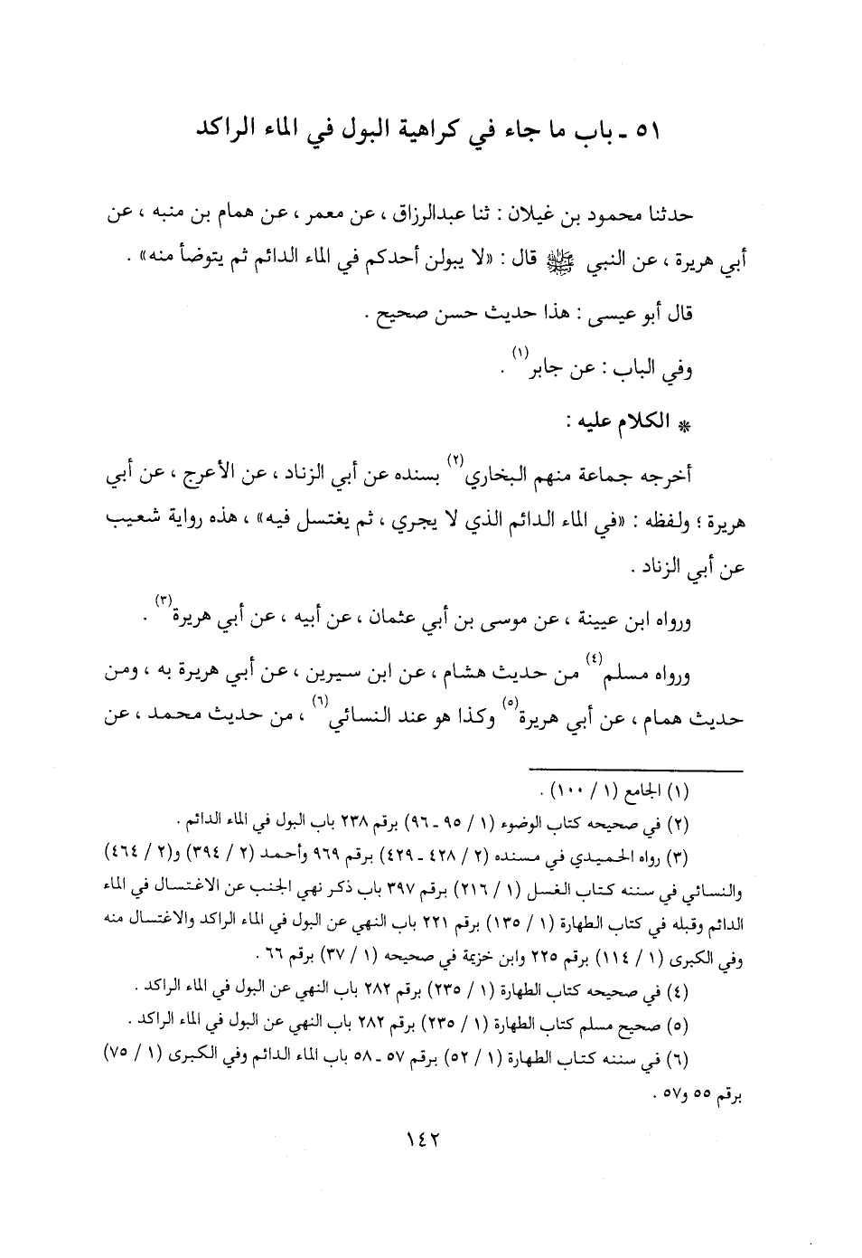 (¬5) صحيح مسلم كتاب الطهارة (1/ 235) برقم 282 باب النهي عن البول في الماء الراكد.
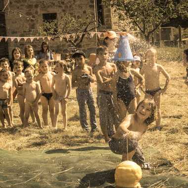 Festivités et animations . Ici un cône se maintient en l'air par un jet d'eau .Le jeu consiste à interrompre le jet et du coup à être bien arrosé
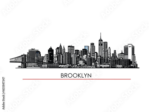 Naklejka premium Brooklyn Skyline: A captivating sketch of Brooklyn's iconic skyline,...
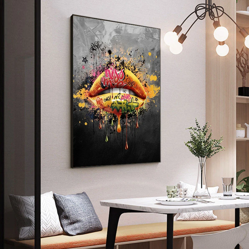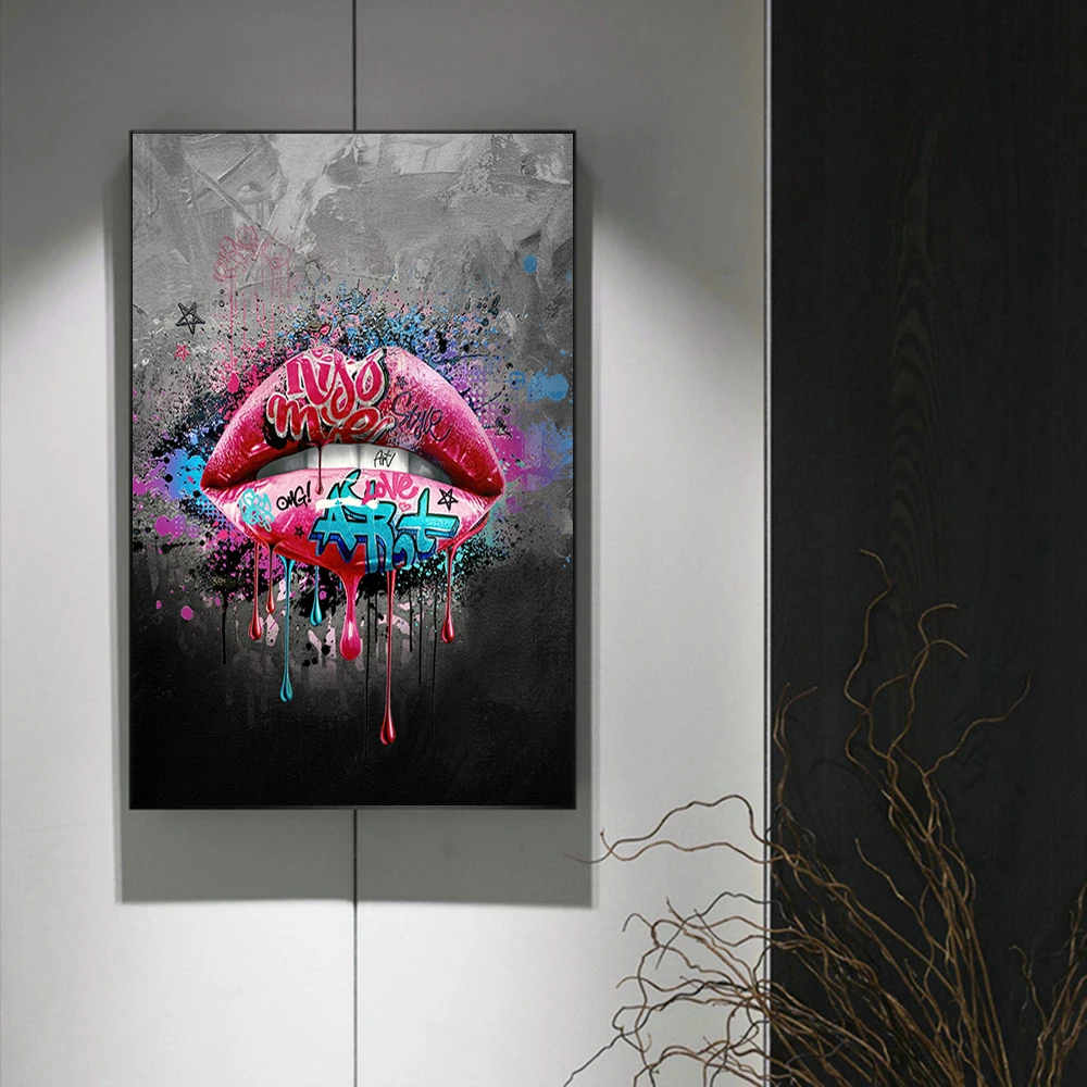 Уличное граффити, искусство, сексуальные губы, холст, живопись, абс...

** WHAT TO WORK ON **
Only the pictures are to be left out; print everything else in the listing exactly.

** OUTPUT BELOW **
 (¬5) صحيح مسلم كتاب الطهارة (1/ 235) برقم 282 باب النهي عن البول في الماء الراكد.
 Festivités et animations . Ici un cône se maintient en l'air par un jet d'eau .Le jeu consiste à interrompre le jet et du coup à être bien arrosé
 Naklejka premium Brooklyn Skyline: A captivating sketch of Brooklyn's iconic skyline,...
 Уличное граффити, искусство, сексуальные губы, холст, живопись, абс...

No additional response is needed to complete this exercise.